Set down without change every line from the line that contains "rooftop, fitness center, yoga" through the end of the listing, and only those lines. No pictures.

— DATASET SECTION —

╭──

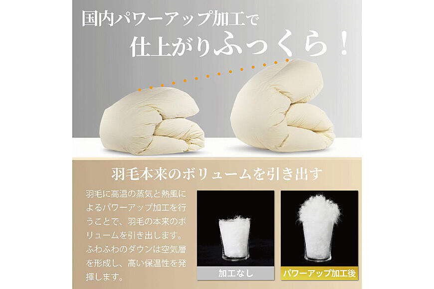 パワーアップマシンでダウンを高温スチーム処理し、攪拌・乾燥させ羽毛本来のボリュームを引き出します。
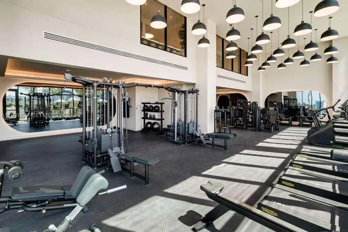 rooftop, fitness center, yoga lounge, kids’ playroom, on-site dining, concierge services, and a golf cart shuttle to
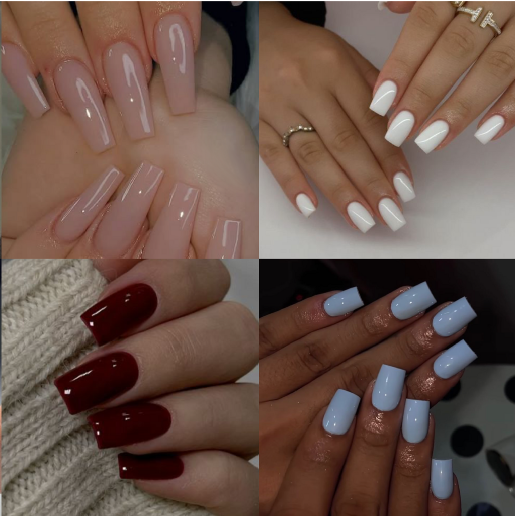 Un ensemble d’ongles d’une seule couleur, sans décoration.

╰──

— REPLY —
 rooftop, fitness center, yoga lounge, kids’ playroom, on-site dining, concierge services, and a golf cart shuttle to
 Un ensemble d’ongles d’une seule couleur, sans décoration.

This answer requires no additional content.